Tenants and working class people had created the Hotline at the beginning of the pandemic when we realized that our elected officials were not fighting for our protections

So, we did it for ourselves

Photo by Julia Cole

I remember Nathan

and he couldn’t pay his rent for March and April because of a pandemic-related layoff, and his property manager was getting aggressive and threatening eviction when the moratorium expired, and Nathan didn’t qualify for stimulus payments because he couldn’t work legally due to his work permit needing to be renewed, but the immigration courts were closed, and he couldn’t get unemployment benefits, and so he was out of options and trapped, and his family was overseas, and then when he got evicted he ended up living week-to-week in an extended stay hotel, and then all Nathan’s belongings and cat were condensed to a suitcase and backpack, and he had to rely on the mutual aid of our community to pay for his housing, and

I don’t know where he is now.

I remember Big Mike

Sometimes the feeling of powerlessness gets too heavy to bear.

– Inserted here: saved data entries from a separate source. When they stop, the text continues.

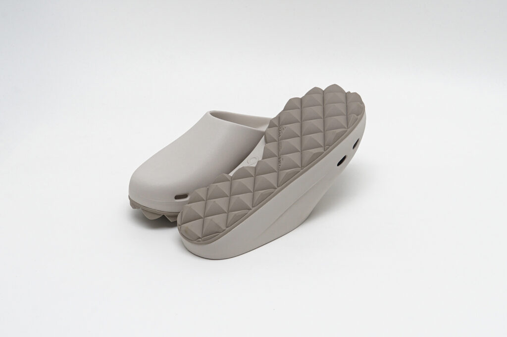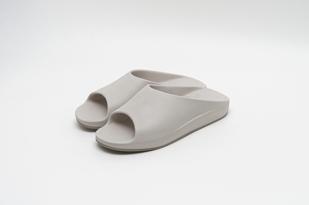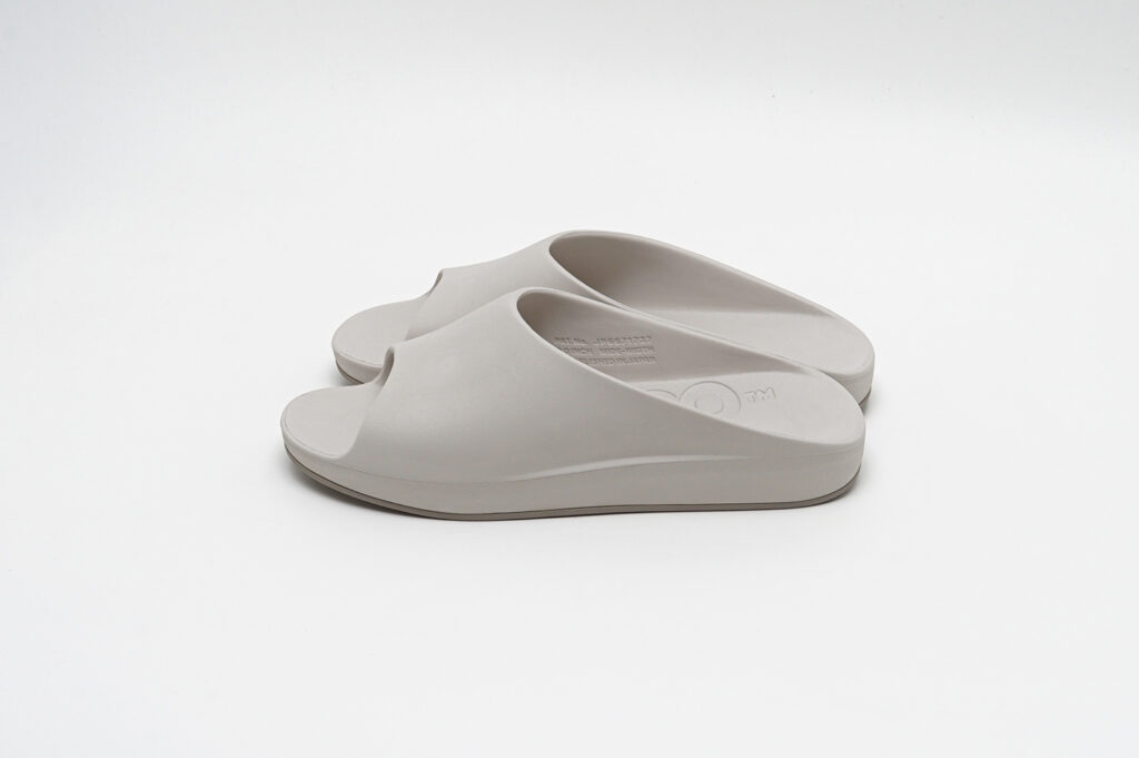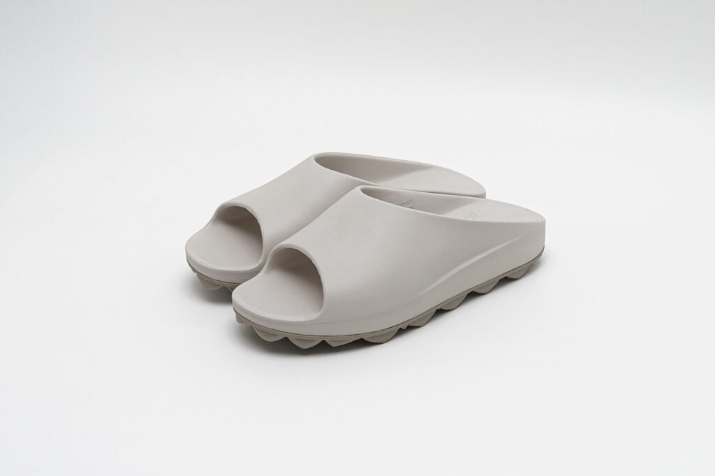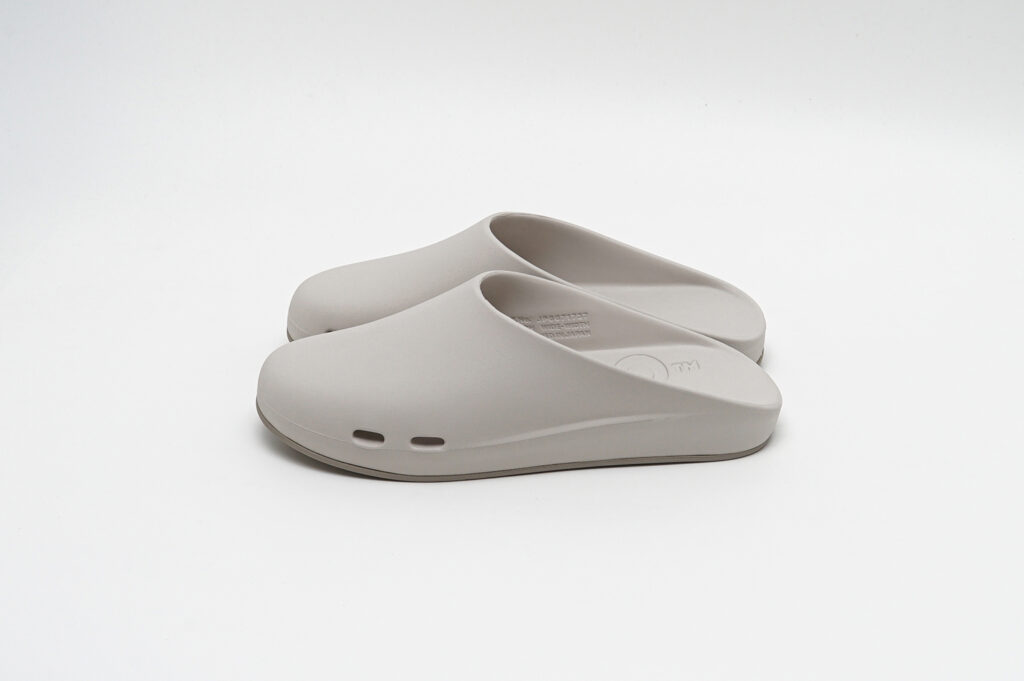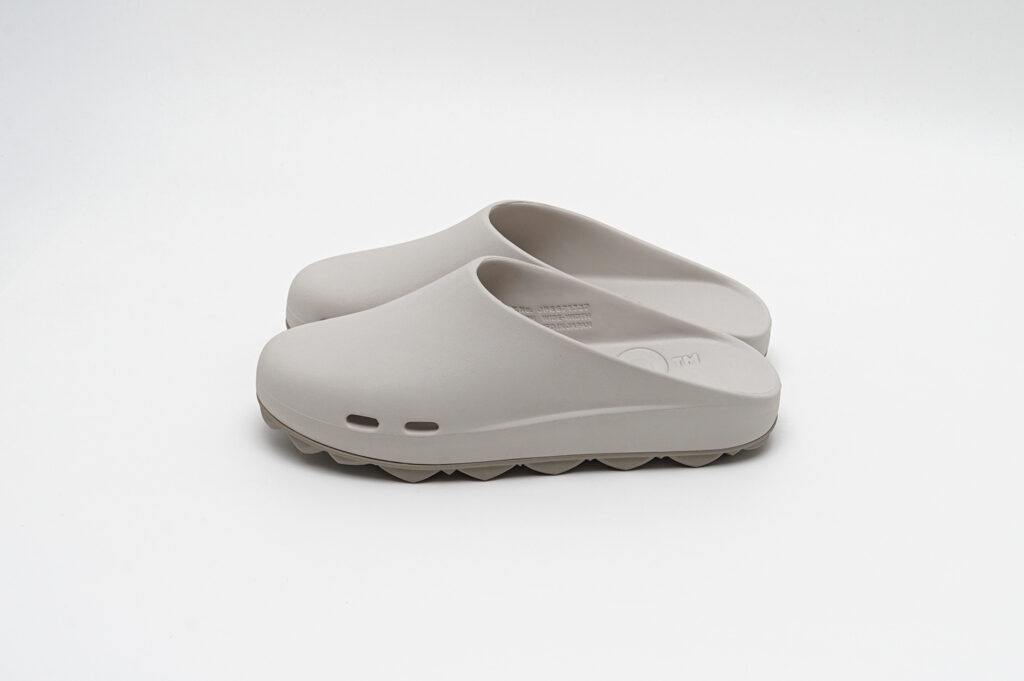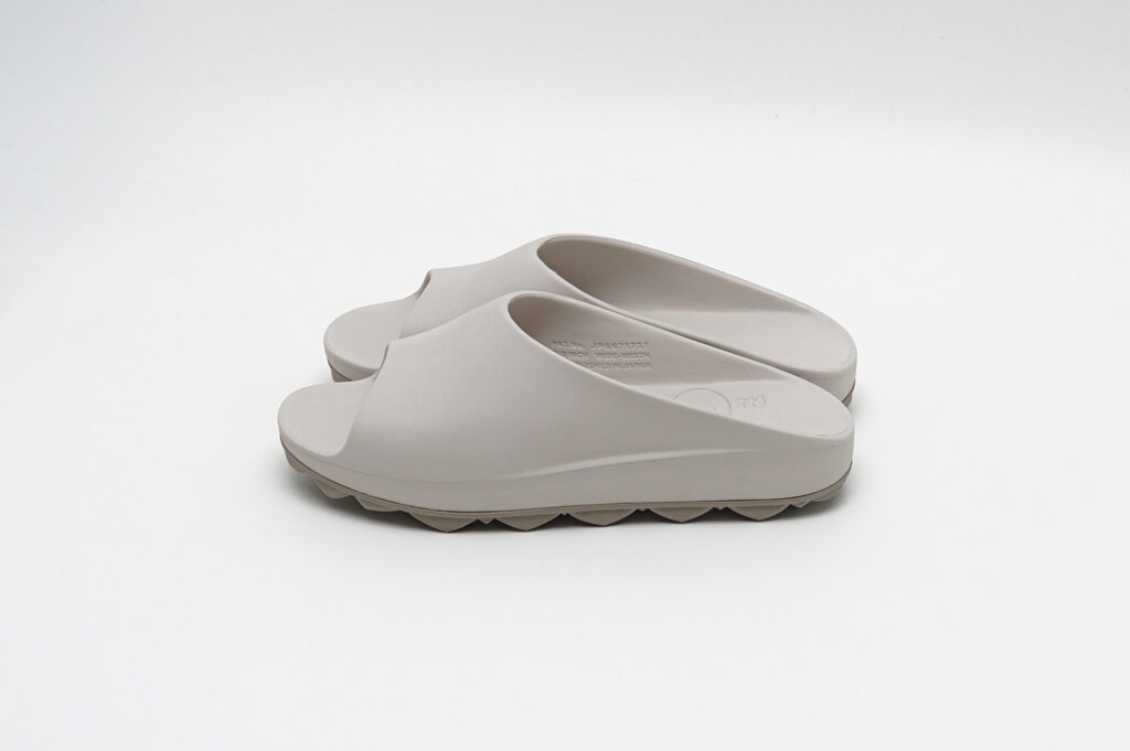 どちらもグリップ力と排水性を兼ね備えたドット仕様のフラットソールと、スタッズ内部に空気圧を内包することで反発とクッション性を生み出すAIR STUDDED SOLE®の2種から選択可能が可能で、新色としてアイボリーがラインナップされている。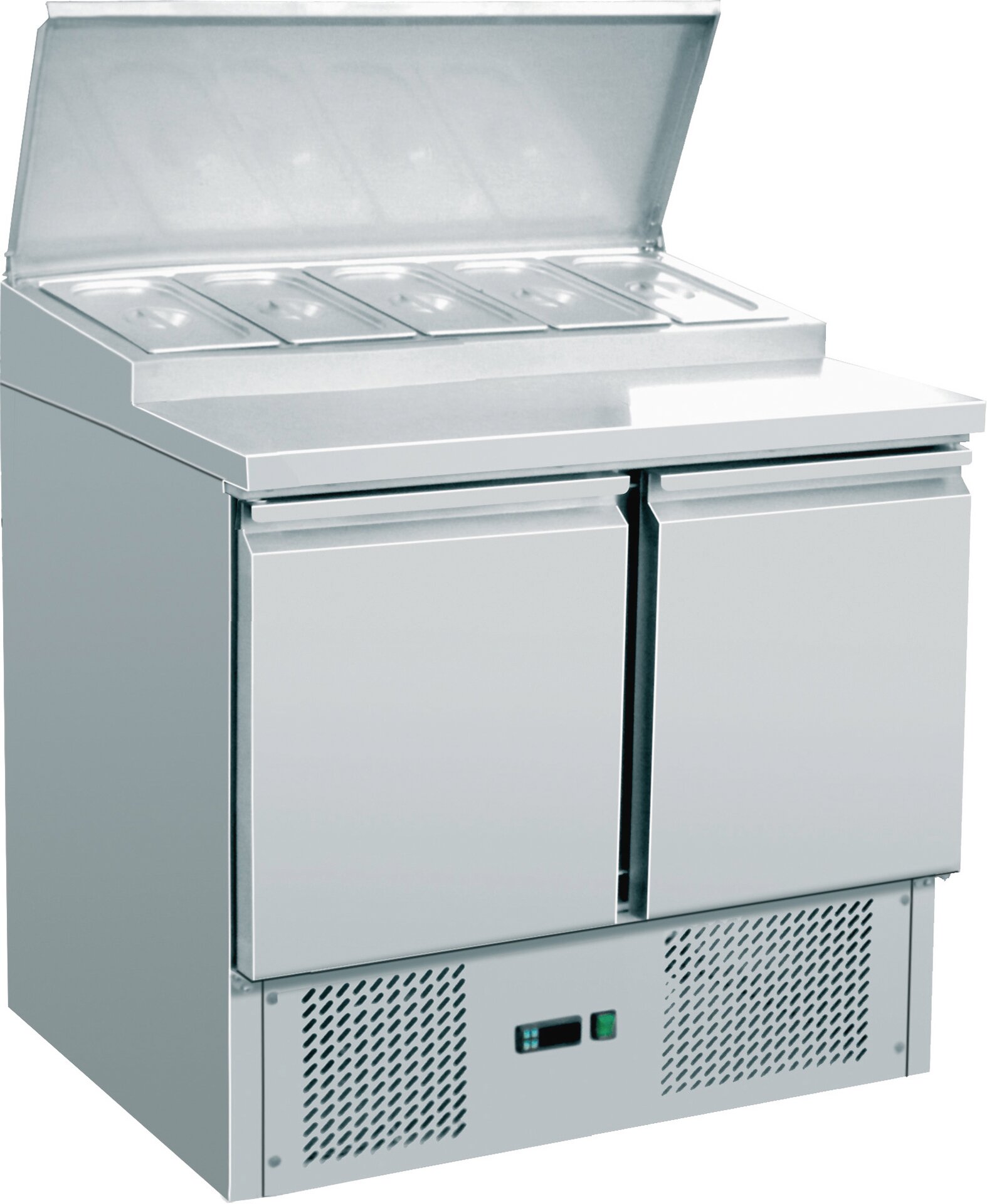 Saladette GN 1/1 3 Türen Edelstahl- Arbeitsplatte Toppingaufsatz 8 x GN 1/6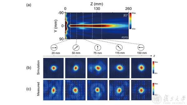 图 片上超构表面实现偏振态纵向演化的结构光场。(a) YOZ面|E|2场分布。(b-c) XOY面模拟及实验在不同高度位置处的偏振态分布。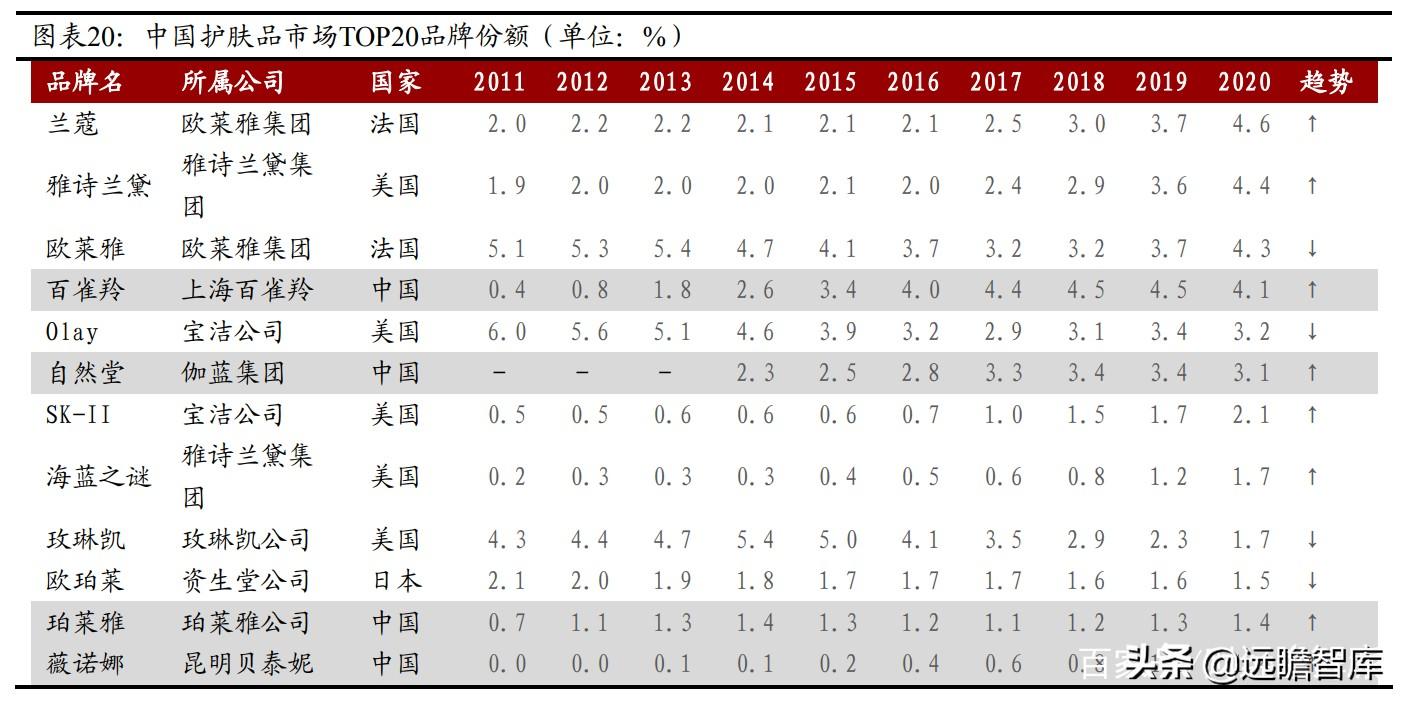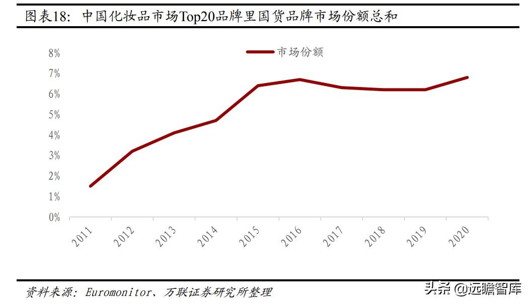 根據(jù)Euromonitor的數(shù)據(jù)顯示,中國化妝品市場Top20品牌中,國貨品牌的市場份額在逐年上升,2011年國貨品牌份額只有1.5%,到2020年提升7.7個pct至9.2%。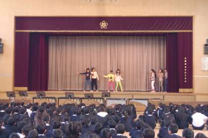 本日、12日から延期になっていた児童集会が行われました。今日のクラブ見学会に先立って、クラブの紹介が行われました。一部ですが「ダンスクラブ」と「器楽クラブ」が日頃のクラブ活動の成果を披露してくれました。どちらのクラブもなかなか完成度が高く、子どもたちは憧れの眼差しで見入っていました。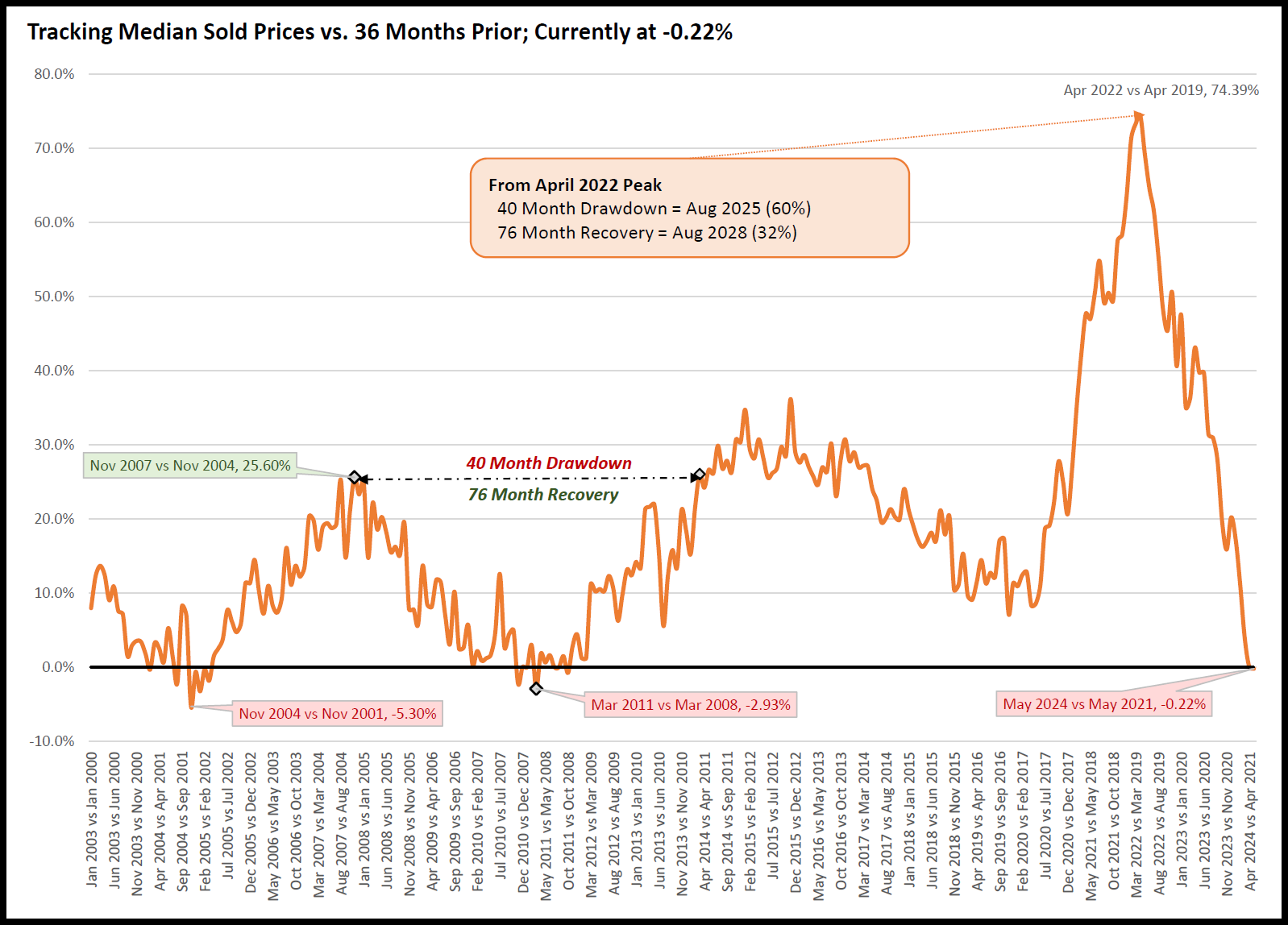 Looking at lagging indicators, the median sold price compared to 36 months prior provides a long-term view of price trends. Historically, the Austin market has seen significant growth, such as the 74.39% increase from April 2019 to April 2022. However, recent data reveals a shift. As of May 2024, the median sold price compared to May 2021 has declined by 0.22%. This marks the first negative change since October 2011, when the median sold price compared to October 2008 was down by 0.78%. This recent decline indicates that the market is experiencing a period of adjustment, with prices leveling off or decreasing after years of growth.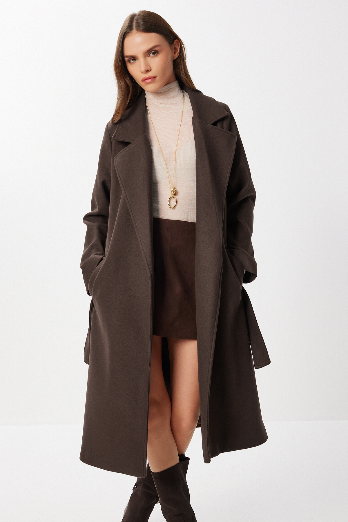 Kruvaze yaka, astarlı, yan cepli, kuşaklı, uzun kaşe kabanİçerik: %73 Akrilik %23 Polyester %4 DiğerÜrün Boyu: 110 cm Kol Boyu: 59 cm30° makinede yıkanabilir.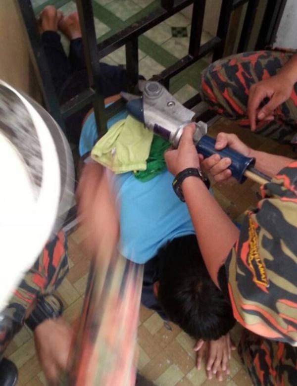 "Khi đến nơi, chúng tôi thấy cậu bé bị kẹt giữa hai thanh cửa. Sau khi đánh giá tình hình, chúng tôi dùng máy cắt để giải cứu Muhamad. Quá trình này diễn ra trong khoảng 5 phút", Azmel Kamarudin - Trưởng phòng Cứu nạn và cứu hỏa thành phố Shah Alam - cho hay.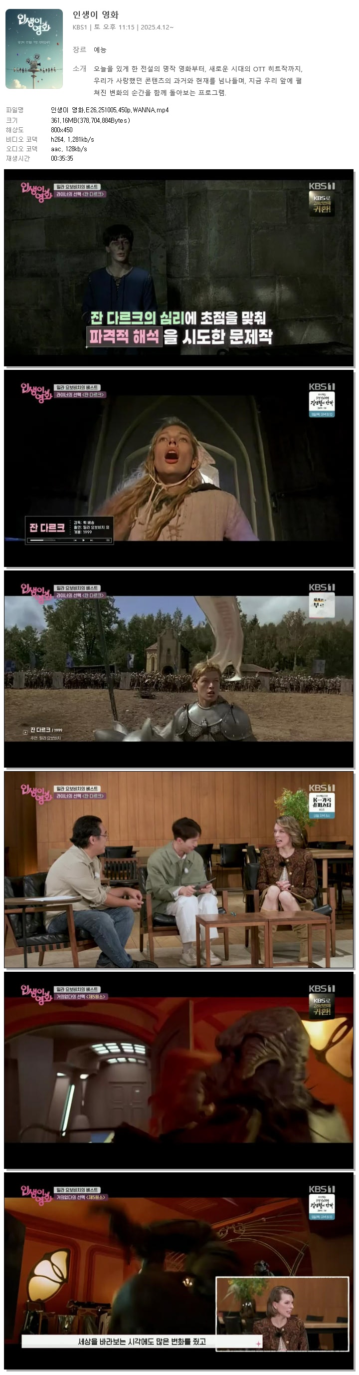 | [KBS1] 인생이 영화.E26.251005.450p.WANNA.mp4 | 361.2 M | 00:35:35 | 800x450 |

Every morning I woke up grinding my teeth and unable to eat for hours. I couldn’t help but wonder if there was something else I could have done. Was I in some way responsible for someone dying or having to go back to domestic violence?

I still carry the weight of their stories.

Organizers help others turn their private pain into public power, to find joy in rebellion and solidarity, and to fight back and win.

But where do organizers go when we are worn out and overwhelmed, when we are oversaturated with trauma?